Tuesday, June 26, 2012

What is a Cookie Table?

My friend Marie asked a good question the other day:  what exactly is the Pittsburgh cookie table tradition?  I realized then that I hadn’t yet addressed this fundamental question on my blog.  How silly!

The cookie table is a popular wedding tradition in northwestern Pennsylvania.  It is usually a table (or two, or three, or four) covered with trays of cookies for guests to snack on throughout the party.  The veritable cookie buffet is, of course, in addition to a proper wedding cake which many guests do not even eat, wrapping their slices instead in paper napkins to take home for breakfast the next morning.
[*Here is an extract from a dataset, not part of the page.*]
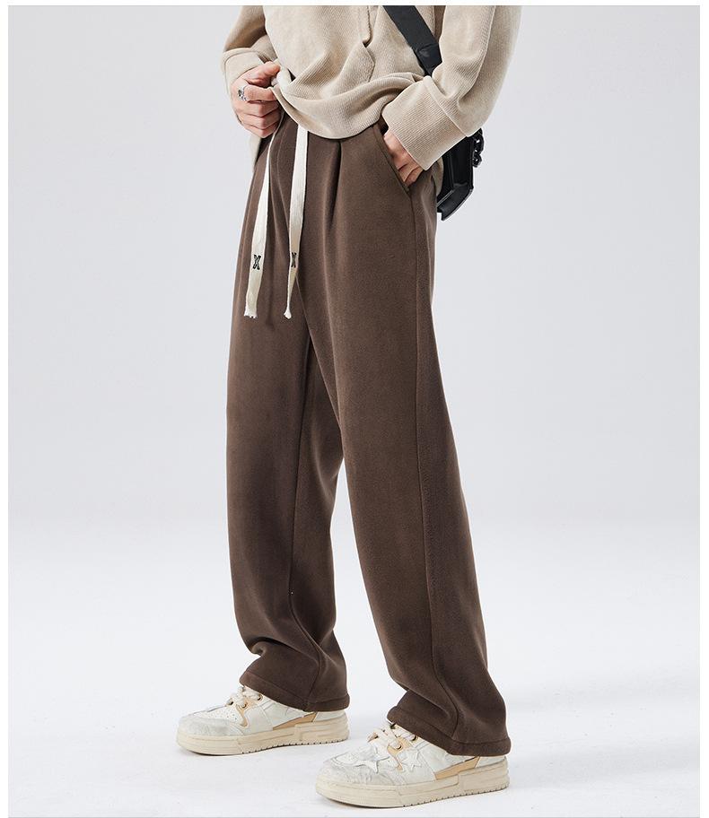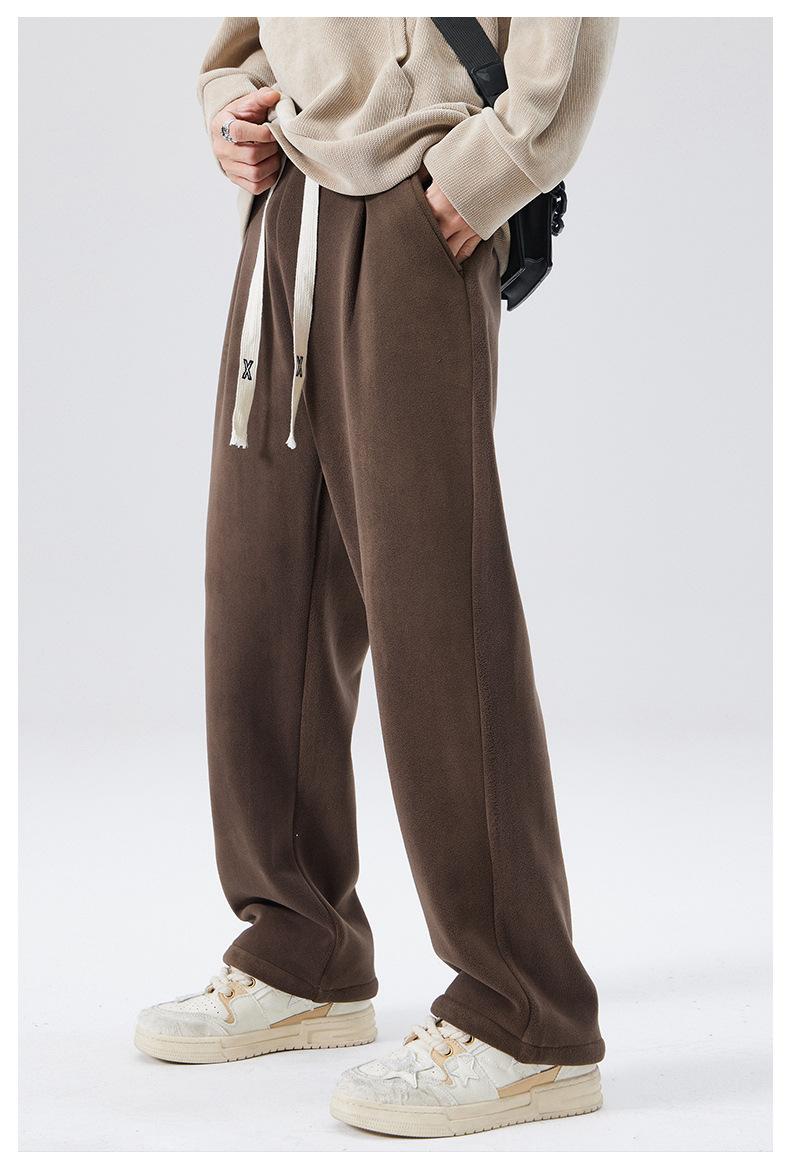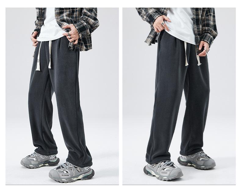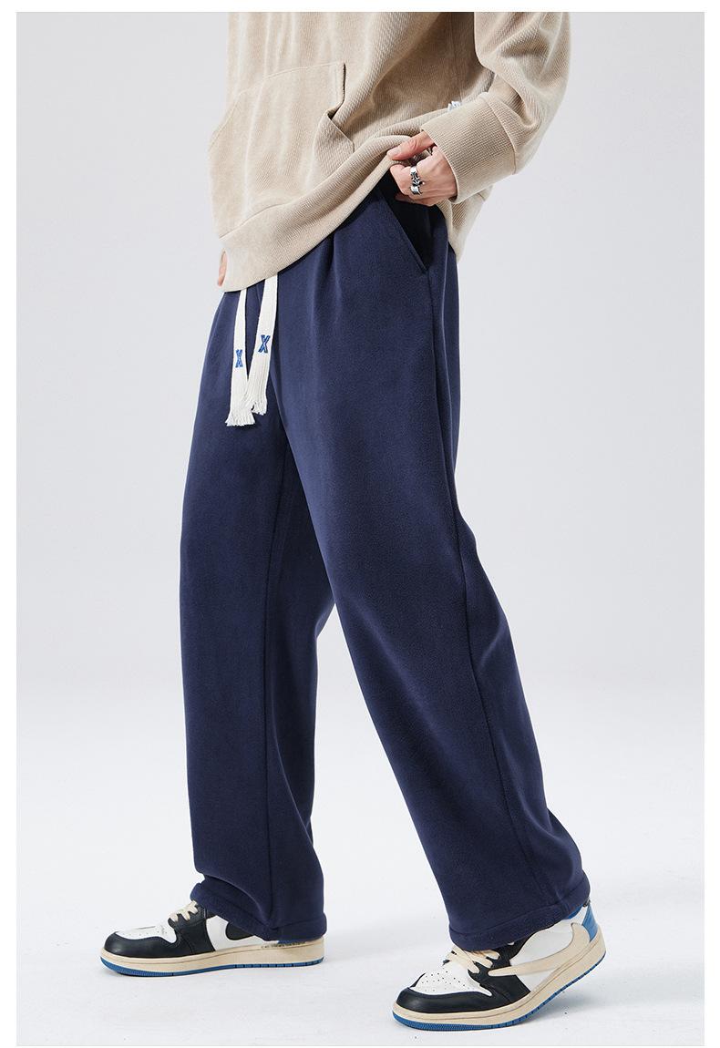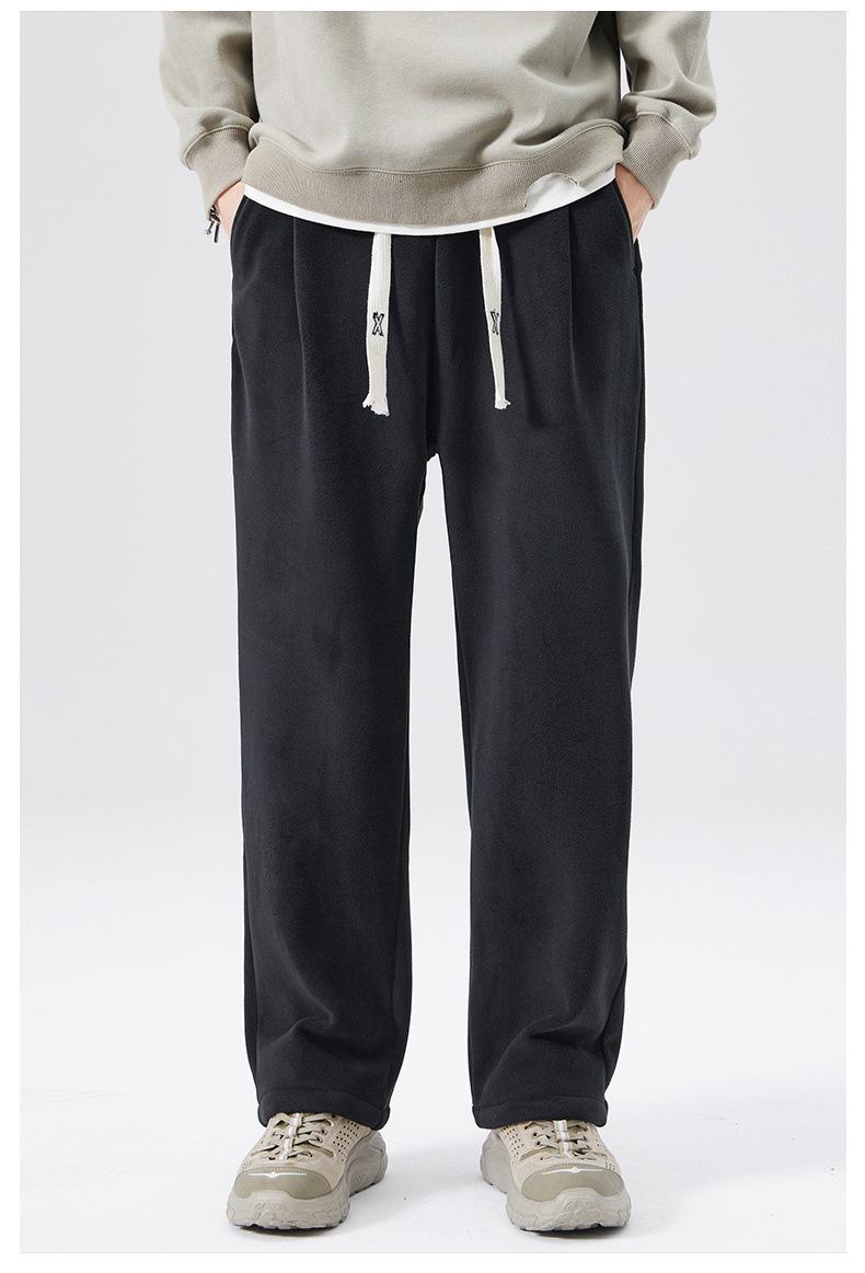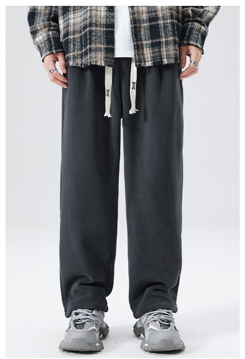 Pantalones de Forro Polar de Doble Cara de Peso Pesado para Hombre, Pantalones Casuales Gruesos de Invierno, Pantalones Cálidos de Pierna Recta Holgados para Estudiantes

Some cookie table displays are extravagant.  A wedding vendor I interviewed told me of a mother-of-the-bride who, on the morning of the wedding, delivered 10,000 cookies for the venue staff to arrange and plate just six hours before the reception.  Now the vendor charges a set-up fee for larger-than-usual quantities.    

The vast quantities of cookies are produced by obliging aunts, grandmothers, cousins, and sisters of the bride who begin their work months before the wedding, freezing their creations until the big day.  Sometimes they designate a few weekends and do their baking together.  It’s a good excuse to spend time with one another, chat, and relax before the wedding.

No one is sure where the cookie table tradition began but it seems to be practiced in cities with large enclaves of Italian and Eastern-European immigrants. Perhaps it was a custom the newcomers brought with them from their home countries.  Another theory suggests that the cookie table grew out of the Depression.  When families couldn’t afford a wedding cake, guests chipped in by bringing batches of cookies, as a way to round out and make an otherwise sparse celebration, special.

For many, the cookie table is the best part of a wedding celebration.  Guests enjoy seeing what cookies the bride’s family has baked as they usually reflect her origins and tastes. Every guest secretly, or not so secretly, compares the lady locks to their grandmother’s recipe.  They are never quite as good.  In Pittsburgh the cookie table is an event in itself.  It’s a unique quirk which, as Pittsburghers marry outside the region, other cities are adopting adopt.  And it’s about time.  Who doesn’t appreciate a good cookie?   That’s right, no one.